Biobanks may collect samples from multiple locations and process them in different laboratories. This raises issues of data integration, for which GS has developed bespoke methods to automate collection of phenotypic data to complement other IT systems. This allows the development of a linkage and integration mechanism which gives researchers access to sensitive data held in a dispersed model, aliased to ensure anonymity. Key to this system are the Volunteer Management Service (VMS) and the Appointments Service (APS), developed by the University of Dundee (Dundee, UK). The former manages volunteer identity and contact management, while the latter manages clinic appointment identity. The University of Edinburgh (Edinburgh, UK) GS team has developed a complementary set of flexible, phenotype collection modalities that allow reliable data collection throughout the interaction of a research participant with the data acquisition process (fig. 1⇓). This system integrates with the VMS/APS, maintaining anonymity while providing researchers with transient identifier data, to ensure validity. Anonymity is preserved by using unique sample IDs for each participant: GS labels contain sample IDs in human-readable and barcode format, and are used on all tubes and paperwork linked to the participant, including cryotags suitable for freezing. When received in the laboratory, sample barcodes can be scanned directly into sample inventory software, reducing user input error.

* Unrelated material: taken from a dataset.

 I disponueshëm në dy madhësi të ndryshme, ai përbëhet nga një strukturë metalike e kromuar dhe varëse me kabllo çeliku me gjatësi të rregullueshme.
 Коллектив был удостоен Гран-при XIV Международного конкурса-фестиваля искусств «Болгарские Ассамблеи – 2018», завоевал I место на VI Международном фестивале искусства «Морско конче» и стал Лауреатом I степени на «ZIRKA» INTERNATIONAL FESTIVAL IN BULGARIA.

LABORATORY SAMPLE MANAGEMENT
Laboratories play a pivotal role in successful implementation of genetic studies. During the process of study design based on statistical guidelines, the necessary biological samples to be collected should also be considered, along with methods of extraction and storage. Venous blood is a convenient source of DNA, but useful quantities can be obtained from the less invasive method of saliva/mouthwash 19. Serum, plasma and urine allow measurement of biochemical and proteomic phenotypes, which can enrich a genetic study. All samples have high intrinsic value, which may cause delays and increased costs if misplaced or badly stored. In GS this issue has been addressed by the implementation of a laboratory information management system (LIMS).

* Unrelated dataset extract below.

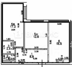 Две изолированные комнаты (12, 6 и 16, 6 м²) + кухня 17, 2 м² — идеальна для семьи
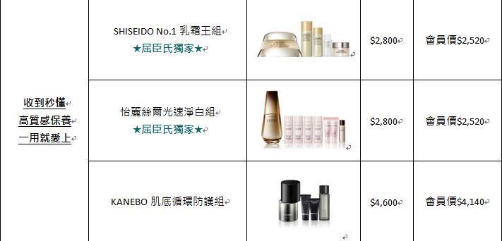 No.1乳霜王組》、《怡麗絲爾光速淨白組》、《KANEBO肌底循環防護組》

The GS LIMS supplier, Starlims (Hollywood, FL, USA), was chosen after a competitive tender process, and the resulting LIMS provides a method of systematic sample storage, management and tracking. Samples collected across Scotland are booked in on client PCs using remote access to a server in Edinburgh, and storage assigned in freezers and tanks with data validated at point of entry. All laboratories involved in the project use the same sample entry form (fig. 2⇓), as standardising this process facilitates management of samples in multiple locations according to the same protocol. There is validation around each field to minimise data entry errors, and samples are only booked in to the LIMS once they are present in the laboratory. Furthermore, samples can be edited, sent to other researchers or deleted, all with an audit trail necessary for study management and research governance.

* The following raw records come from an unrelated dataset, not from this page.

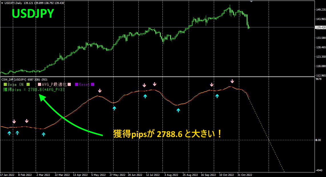 USDJPYは、通貨強弱が逆相関の関係に近いので、大きなpips数が獲れます。今年の円安による長期上昇トレンドに乗って、2022年4月から2022年11月までで、2788.6pipsが得られました。
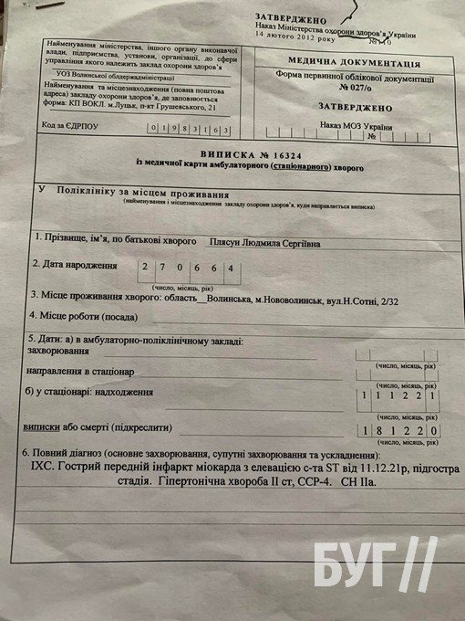 У жительки села Морозовичі Поромівської громади 57-річної Людмили Плясун стався гострий передній інфаркт міокарда, після якого жінку скерували у Волинську обласну клінічну лікарню, де їй призначили операцію на серці, вартість якої складатиме від 70000 гривень.
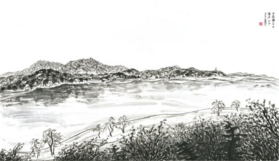 2. 궁산에서 본 한강 한지에 수묵 2021년 75x129cm
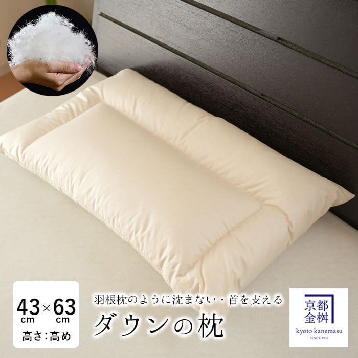 京都金桝 ダウンの枕 43×63cm 【羽毛詰物量800g:高め ハード】

The LIMS also allows samples to be shipped and tracked securely from one laboratory to another. For example, 9-mL blood samples are sent to Edinburgh in batches of 500 for DNA extraction, and microtitre plates containing DNA working stocks for genotyping are returned to the originating laboratories. Plate management through the LIMS is vital to keep track of DNA stock solutions and to help with subsequent data management, particularly genotyping. Plates of dilute working stocks of DNA destined for experimental analyses are compiled through the LIMS, eliminating transcription errors of sample IDs and allowing the content of a plate to be shown by scanning its barcode label. Through the access policy, only accredited laboratories with LIMS access are permitted to receive GS DNA plates, allowing detailed tracking of the resource and maintenance of high standards of laboratory practice whether the experimental procedures are commissioned internally or externally. The various rules, validation and reporting functions within the LIMS play a vital role in optimising the quality management of the biological resources within GS. Implementation of a custom LIMS may not be readily available to every laboratory, but other sample inventory software is commercially available in off-the-shelf packages at modest cost. As relevant open-source software becomes available 20, underlying principles of good sample management can be applied using less streamlined systems.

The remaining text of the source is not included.